Copy out the data that comes next, character for character, and leave the images aside.

Input data
◆ ◆ ◆ ◆ ◆ ◆ ◆

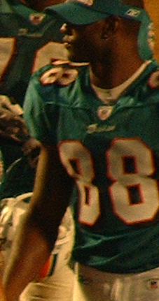 If used somewhere other than Wikipedia, Nelson, by name.
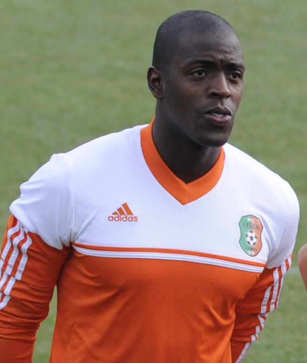 Wilmar Jordán Gil
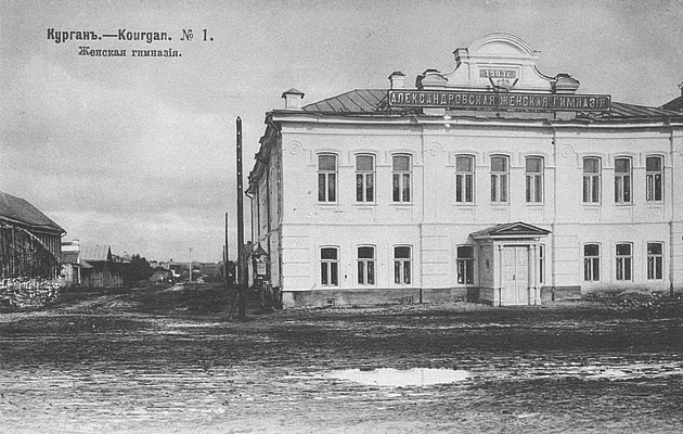 Women Gymnasium in Kurgan, Russian Empire. Pre-1917 postcard Flickr data on 2011-08-13 Tags: postcard, Russia, Russian Empire, Kurgan, Kourgan, Gymnasium License: CC BY-SA 2.0 User: paukrus Ruslan

◆ ◆ ◆ ◆ ◆ ◆ ◆

Your response
 If used somewhere other than Wikipedia, Nelson, by name.
 Wilmar Jordán Gil
 Women Gymnasium in Kurgan, Russian Empire. Pre-1917 postcard Flickr data on 2011-08-13 Tags: postcard, Russia, Russian Empire, Kurgan, Kourgan, Gymnasium License: CC BY-SA 2.0 User: paukrus Ruslan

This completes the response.